One of the main themes of Apple’s WWDC 2019 keynote last week was privacy. Apple unveiled several new features for its various operating systems showing a renewed commitment to privacy at a time where its rivals are also making user privacy a top priority. Location data also came up during the presentation, with Apple unveiling a new location-specific feature that lets you instruct an app to use your location information only once. After that, the app will have to keep asking each time it wants to track you. On top of that, Apple will show you a map of the location data an app has acquired, as well as an explanation of why each particular app needs access to your location.
The screenshots below, via 9to5Mac, show the kind of notifications you might expect on your iPhone and iPad.

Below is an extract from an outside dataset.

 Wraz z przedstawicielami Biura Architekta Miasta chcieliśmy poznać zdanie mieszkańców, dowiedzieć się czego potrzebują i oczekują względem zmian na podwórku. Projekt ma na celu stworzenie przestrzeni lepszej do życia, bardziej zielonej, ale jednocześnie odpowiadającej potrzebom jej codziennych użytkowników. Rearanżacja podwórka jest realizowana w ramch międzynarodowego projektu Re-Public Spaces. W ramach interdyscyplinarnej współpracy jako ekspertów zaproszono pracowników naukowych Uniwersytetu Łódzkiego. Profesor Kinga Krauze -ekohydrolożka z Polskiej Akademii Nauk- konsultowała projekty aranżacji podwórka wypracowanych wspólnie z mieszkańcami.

One of them comes from the Tesla app and reads:
Tesla uses your location to show your proximity to your vehicle (while the app is open), and to optimize phone key on your support vehicles (while the app is in the background).
The other app is from Apple’s own Apple Store:
We’ll provide you with relevant products, features, and services depending on where you are.

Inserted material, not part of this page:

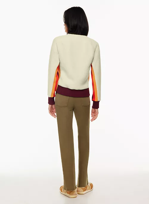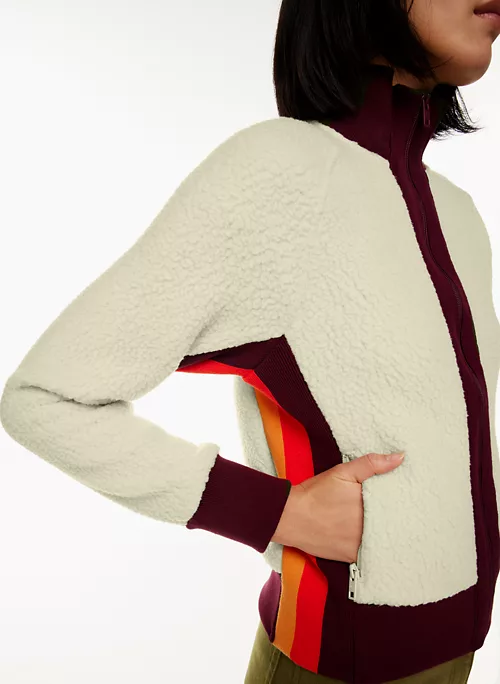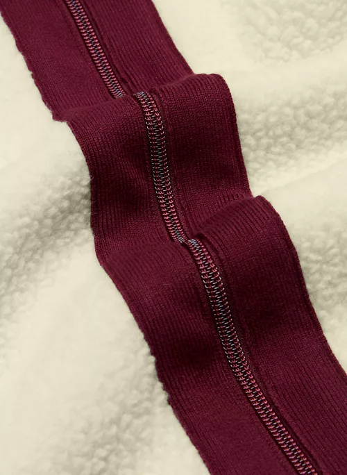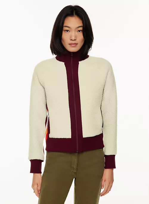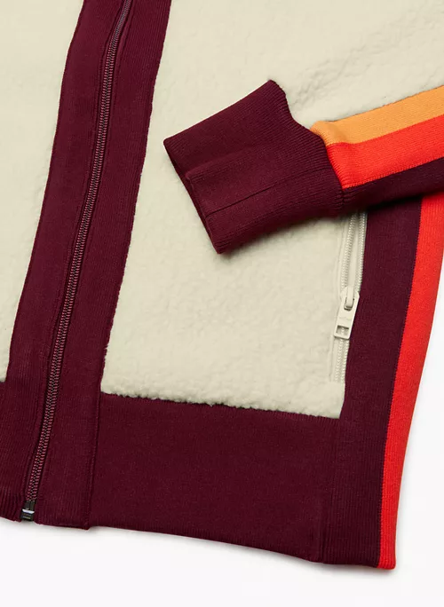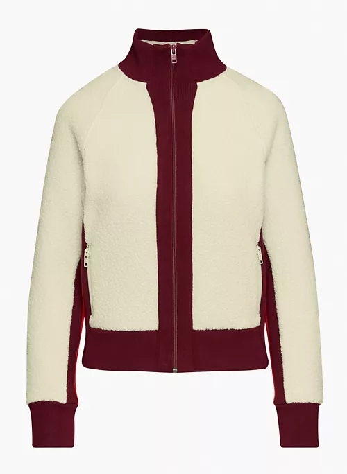 This is a mock-neck zip-up with raglan sleeves and a cozy brushed lining. It’s made with Bigfoot Polar — lightweight, 100% recycled fleece made with Polartec© Thermal Pro® that’s breathable and warm with a shaggy sherpa texture.

The popup notifications appear when an app is using your location in the background, and it features a map with the actual location data the app has tracked. The map detail is the kind of visual trick that will make you pay closer attention to apps that may be using and abusing your location data.
The report notes that Apple will continue to deliver these notifications for all apps that keep using location data in the background, offering users a better look at what apps might be tracking their whereabouts, and giving them options to change access from “Always” to “Only while using.”
Apple also explained that other platforms deal with location info differently. tvOS does not support Always, while watchOS doesn’t need it. macOS doesn’t have Always or When in use, and iPad apps for Mac may get Always as well as When in use.
iOS 13 also changes the way apps can read Bluetooth and Wi-Fi data to approximate your location. Apple is “shutting the door on that abuse,” Craig Federighi said on stage last week.